The reeling events of these poly-T overhangs did not show the dips and rises after the highest FRET level was reached which were observed for the pd-30ThGQ constructs. This enabled us to characterize not only the event rate, but also the time it takes to rise to the highest FRET (will be referred to as reeling time) and the time it waits at the highest FRET level (will be referred to as waiting time). The reeling time is expected to decrease with increasing ATP concentration. The waiting time is a measure of the time BLM holds on to the reeled-in DNA before either dissociating from it or just releasing it, while still remaining bound to the overhang. There were variations in the shape of the FRET traces among different events. While some had a well-defined high-FRET state, others showed variations in the high-FRET state as shown in the bottom panel of Figure 3C. When determining the waiting time for these different events, we measured the time between completion of the FRET rise and the start of the systematic drop in FRET. Figure 3D shows an example for how the waiting time is measured for an event that shows some variation in the high-FRET state before the FRET sharply drops.

BLM titration measurements were performed at a constant 20 μM ATP concentration on pd-35T construct. The event rates are reported in Figure 3E and Supplementary Table S3. The red curve in Figure 3E is a Langmuir binding isotherm fit to the event rate and the resulting fit parameters are listed in Table 1. Supplementary Figure S3 shows representative smFRET traces showing an increase in the event rate with increasing BLM concentration. These data suggest that BLM does not reel in ssDNA in a processive manner, most likely due to dissociation from DNA. This is in contrast to PcrA and Pif1 which could repetitively reel in the DNA hundreds of times before dissociating from it independent of helicase concentration (24,27). In the case of BLM, we almost exclusively observed a single reeling event before BLM dissociated. To provide a direct comparison to processive helicases such as PcrA and Pif1, we performed a buffer exchange experiment in which the DNA sample was incubated with 1 μM BLM for 15 min, followed by purging the chamber with a buffer that contains ATP but not BLM. Under these conditions, only BLM that is bound to DNA will remain in the chamber and any observed repetitive activity would be attributed to a single BLM molecule. Unlike the processive helicases that showed many repetitive events under these conditions, BLM did not show any reeling activity (data not shown) probably due to its dissociation from DNA. Based on these observations, we conclude BLM performs a reeling activity on these poly-T overhangs non-processively, or possibly with very low processivity if the rare successive reeling events mentioned above are considered.
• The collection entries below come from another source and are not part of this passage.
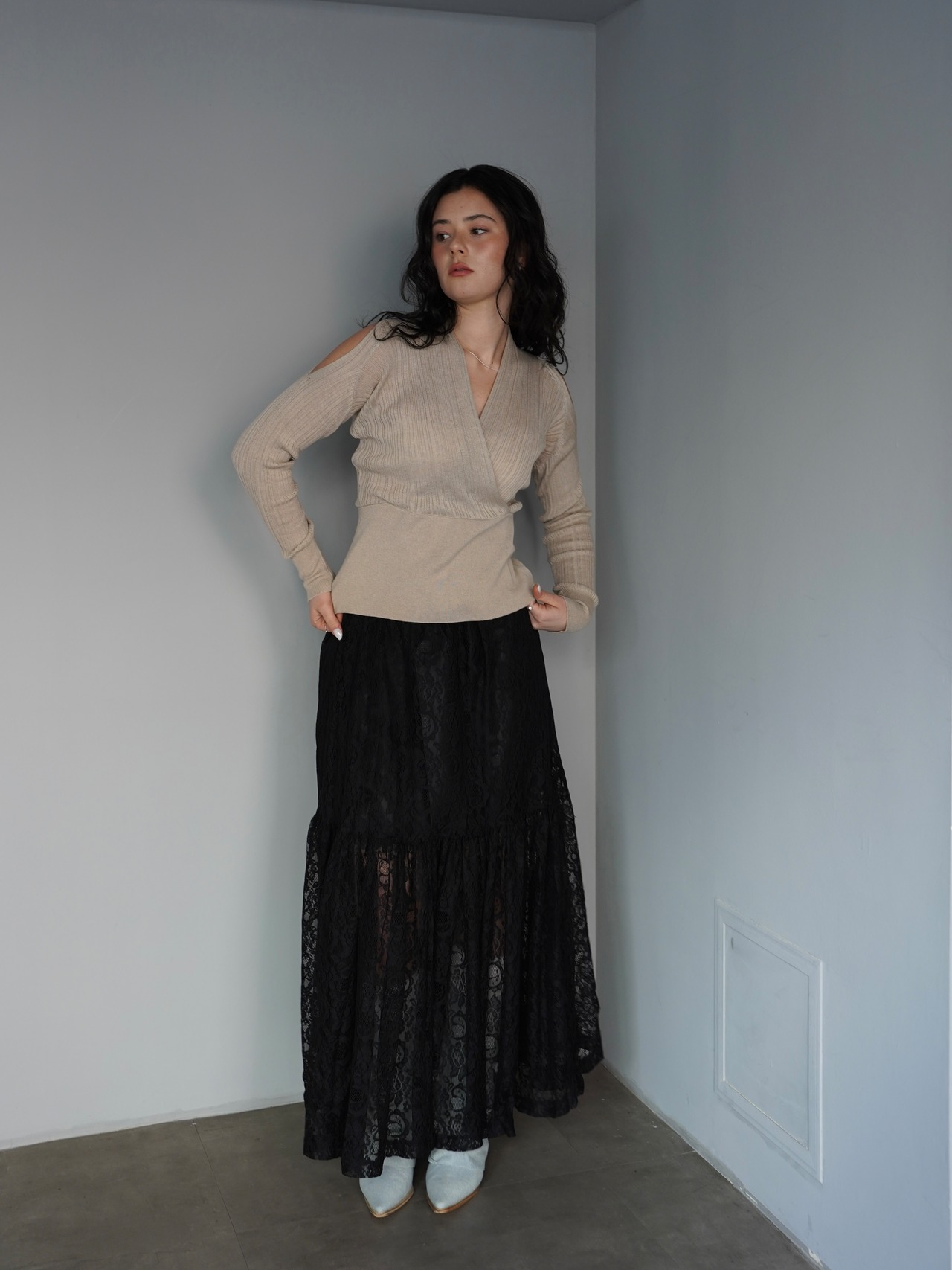 動くたびに揺れるレースが女性らしさを引き立て、シンプルなトップスと合わせるだけでも印象的なスタイルが完成します。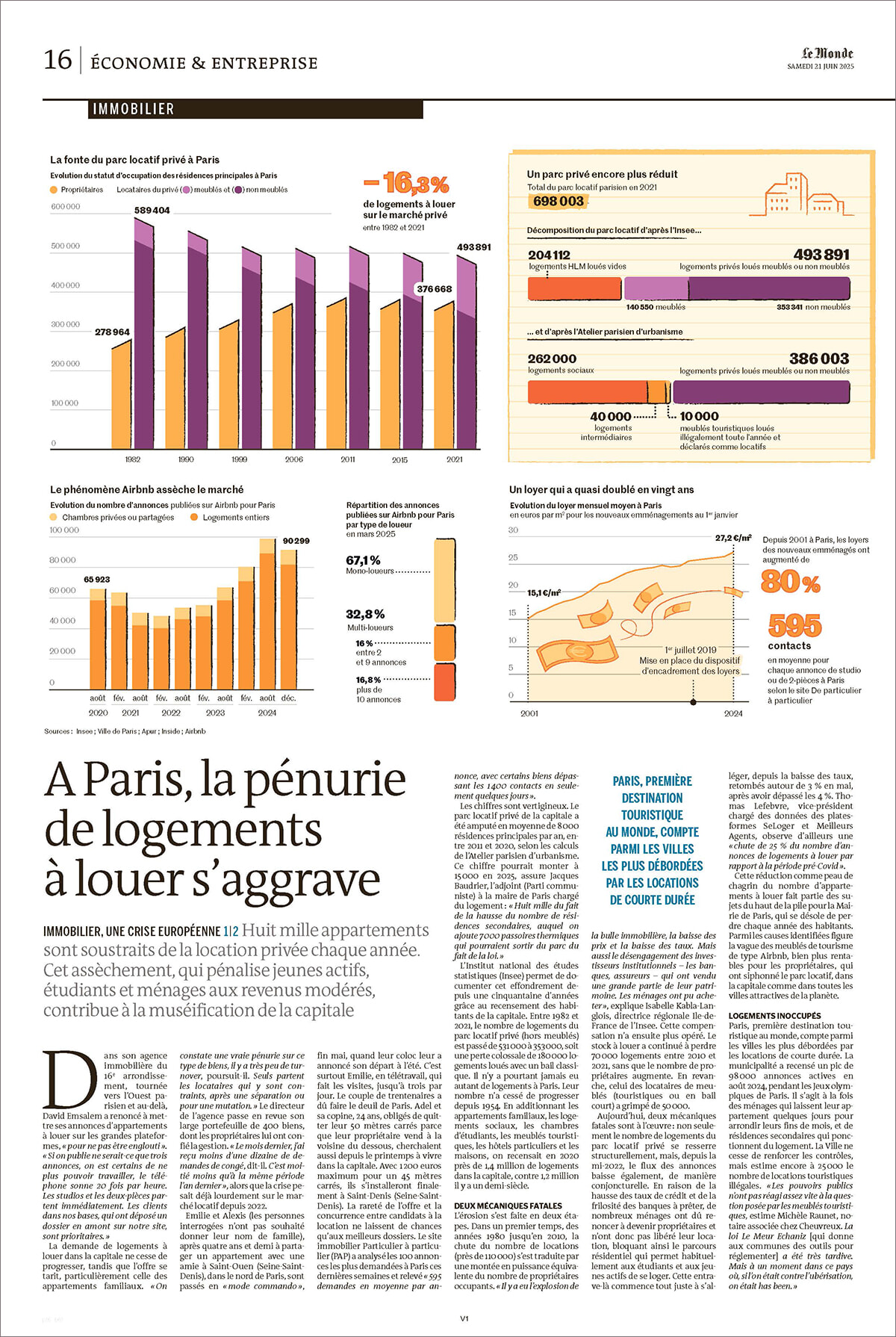 「ル・モンド」紙2025年6月20日付の記事では賃貸住宅危機を2ページにわたって分析。1950年代からの人口と物件数の推移をさまざまな角度で示す図解から、その深刻さがひと目でわかる。photography: ©Le Monde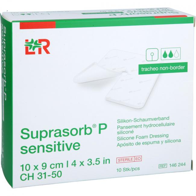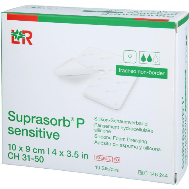 Pflichtangaben SUPRASORB P sen.PU-Schaumv.tracheo non-bor.9x10cm, 10 Stück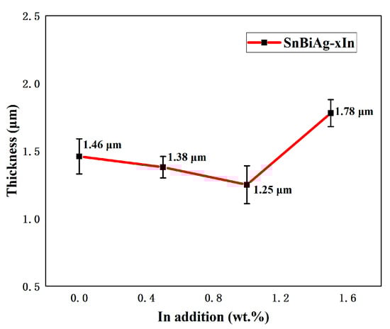 Chicago/Turabian StyleShen, Bingwei, Shangrong Yang, Mingyue Xu, Jincheng Zhao, Guohua Liu, Ming Xie, and Qiao Zhang. 2022. "Effect of in Addition on Thermodynamic Properties, Wettability, Interface Microstructure, and Soldering Performance of SnBiAg–xIn/Cu Solder Joints" Metals 12, no. 10: 1594. https://doi.org/10.3390/met12101594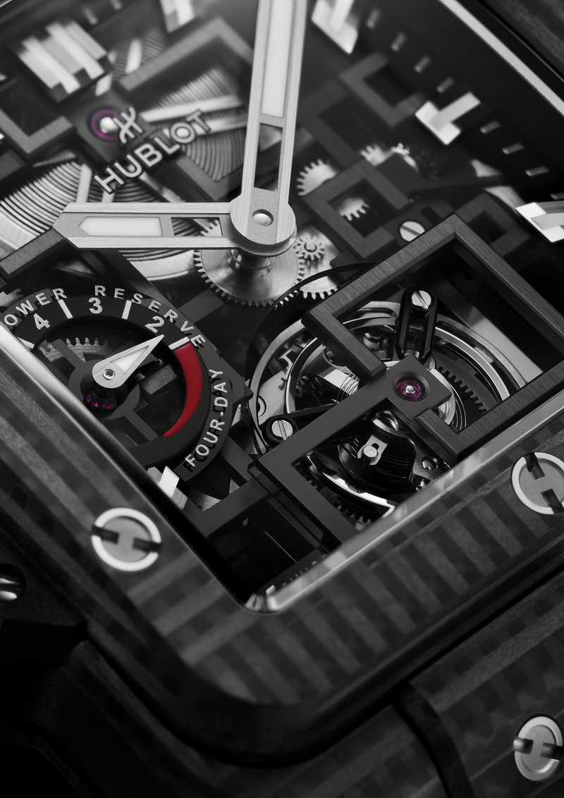 為達成這項全新突破,宇舶專為此錶研發 MHUB6023 手動上鍊鏤空陀飛輪機芯,由 174 枚零件與 25 顆寶石軸承組成,運行頻率為 3Hz(21,600 次/小時),提供長達96 小時(4 日)的穩定動力。機芯橋板全數採用方形與長方形幾何設計,並以霧面與緞面交錯修飾,令層次分明的結構與剛勁線條更加鮮明。核心配置包括: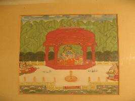 | Description / विवरण | In this paintng Krishna and Radha are sitting on the bed. In the hand of Krishna is flute. Some musicians are sitting and singing. Musician is holding Veena and Dholak. The background has big leaves. Some peacock and birds can be seen behind the big leaves. |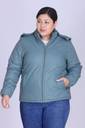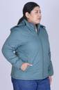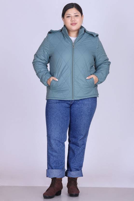The jacket has a Stand collar and a front zipper closure Plus size .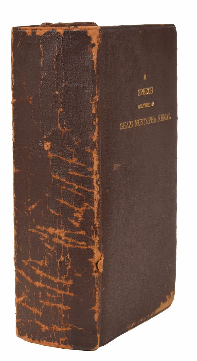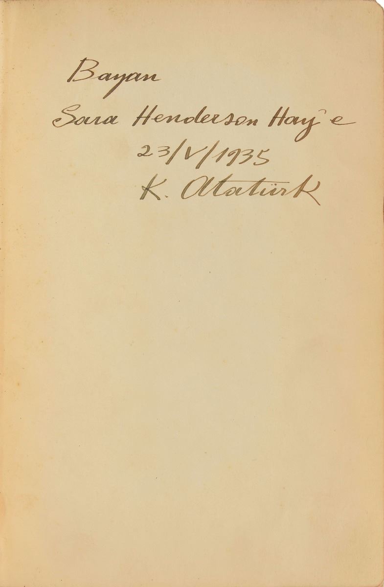 Turkish army officer, statesman, and writer (1881–1938) credited as the founder of the Republic of Turkey. Signed book: A Speech Delivered by Ghazi Mustapha Kemal. Leipzig, Germany: K. F. Koehler Publisher, 1929. Leatherbound hardcover, 6.25 x 8.75, 724 pages. Signed and inscribed on the first free end page in black ink, "Bayan, Sara Henderson Hay'e, 23/V/1935, K. Ataturk." Autographic condition: fine. Book condition: VG-/None, with edgewear, cracked and flaking leather at spine, and frontispiece detached but present. Accompanied by six unsigned period postcard photos, three of which picture Ataturk with other military officers; the other three are of the Prinkipo Yacht Club on the island of Buyukada. This is an especially scarce variation of his signature, as he became known as 'Atakturk'—meaning 'Father of the Turks'—only later in life. Ataturk remains especially scarce across all formats, with this being the first signed book we have offered.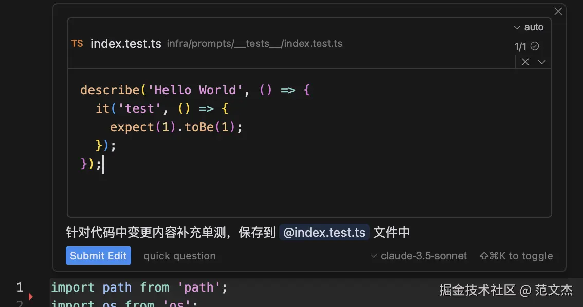 举个具体例子,我在使用 GPT 等工具生成单测时,由于缺少 Vitest 相关语料,无论怎么调整 Prompt,大多数时候都会返回基于 Jest 的测试代码,而我更喜欢用 Vitest,所以每次都需要把代码复制出来,一通调整后才能放入仓库内运行;而在使用 Cursor 时,只要使用适当的 Prompt,多数时候都能返回基于 Vitest 的结果,调整成本要小的多,例如我常用的 Prompt: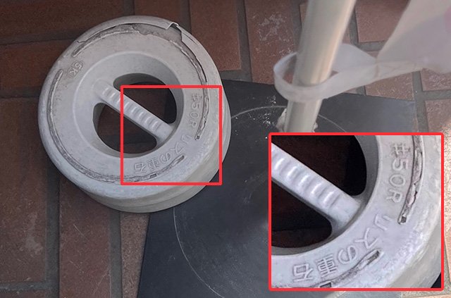 商品名で調べたら「漬物石」らしいので、屋外で使われるのは想定外かもしれない。日々紫外線を浴びているせいか、表面のプラスチックが劣化して割れている。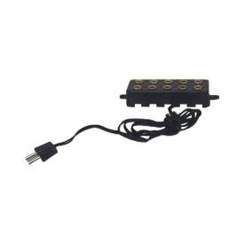 Realizzata in PVC nero resistente, questa multipresa per modellismo è discreta e facile da nascondere all'interno della scenografia. Le sue dimensioni ridotte (circa 4,5 cm di lunghezza) la rendono ideale per presepi dove lo spazio per i componenti tecnici è limitato. È una soluzione pratica per organizzare i collegamenti elettrici ed evitare grovigli di cavi, specialmente quando si utilizzano più accessori per presepe a 3,5V alimentati da un'unica fonte (come un trasformatore o un porta batterie compatibile).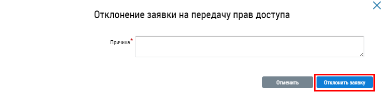 В отобразившемся окне Отклонение заявки на передачу прав доступа укажите причину отклонения в текстовом поле и нажмите на кнопку Отклонить заявку.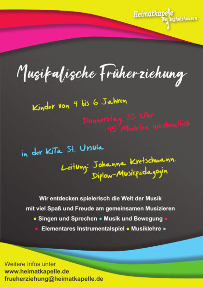 Die musikalische Früherziehung führt Kinder im Alter von 4 bis 6 Jahren spielerisch an die unterschiedlichen Elemente der Musik heran.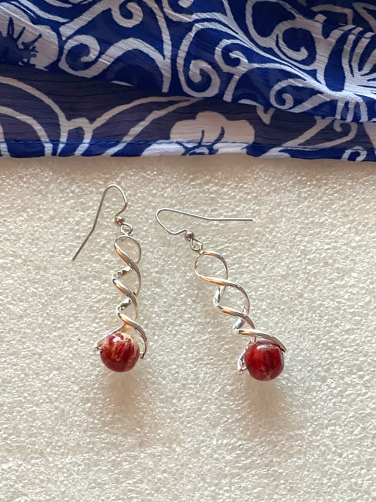 25E 22 Silver spiral earrings with red jasper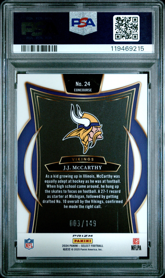You are purchasing a 2024 Panini Select JJ Mccarthy #24 PSA 10. You will receive the exact item in the photographs. Thank you for looking.

We further studied the ATP dependence of the event rate (Figure 3F), reeling time (Figure 3G) and waiting time (Figure 3H) at a constant 20 nM BLM concentration for pd-35T construct. Sample smFRET traces at different ATP concentrations are shown in Supplementary Figure S4. The results of these experiments are given in detail in Supplementary Table S3, and Langmuir binding isotherm fit parameters are listed in Table 1. We observed that the event rate increased with increasing ATP concentration. This is considered to be due to BLM being more likely to reel in the DNA once it binds in the vicinity of the junction at higher ATP concentration. More frequent BLM dissociation at higher ATP, which allows binding of another BLM molecule once reeling in is completed, could be another contributing factor for this. As BLM is known to more likely dissociate from DNA in the ADP state (28), a faster rate of ATP hydrolysis would also make dissociation more likely. Both reeling time and waiting time decreased with increasing ATP concentration (Figure 3G and H and Supplementary Table S3). The reeling and waiting times were determined based on a Gaussian fit to a histogram of 300–400 measurements for each case. The errors were estimated based on the uncertainty in determining the beginning and end of the reeling or waiting time, which we estimate to be two data points. Our image acquisition time for these data is 0.032 s. Based on this, the two data point error is 0.064 s, which we round up to 0.07 s. This error estimate is larger than the standard errors obtained from the Gaussian fits, and is a better representative of the resolution of these measurements as it takes into account possible systematic errors that might take place in determining the beginning and end of reeling or waiting time. The decrease in reeling time can be readily understood as an increased rate of BLM reeling in the overhang ssDNA at higher ATP concentrations. The decrease in waiting time suggests BLM either dissociates from DNA or releases the reeled-in DNA more frequently at higher ATP.

Similar results were obtained with the pd-50T construct, which has a 50T overhang (see inset of Figure 3B for a schematic). pd-50T showed an initial EFRET = 0.19 ± 0.04 at 150 mM K+, as shown in Figure 3B. Supplementary Figure S5 shows sample smFRET traces at different ATP concentrations at 20 nM BLM using pd-50T. A similar pattern of increasing reeling event rate is observed as ATP concentration is increased (Figure 3F and Table 1). In agreement with the pd-35T results, the reeling time and waiting time also decreased with increasing ATP for pd-50T (Figure 3G and H and Supplementary Table S4). Event rates at corresponding ATP concentrations were remarkably similar for the pd-35T and pd-50T constructs, which suggests that BLM has similar binding affinity for both substrates. We note that the reeling time and waiting time parameters for this construct were generally slightly greater than those of pd-35T, although the difference was within the uncertainties associated with measurements and analysis. This could be due to the small difference in the overhang length of these constructs.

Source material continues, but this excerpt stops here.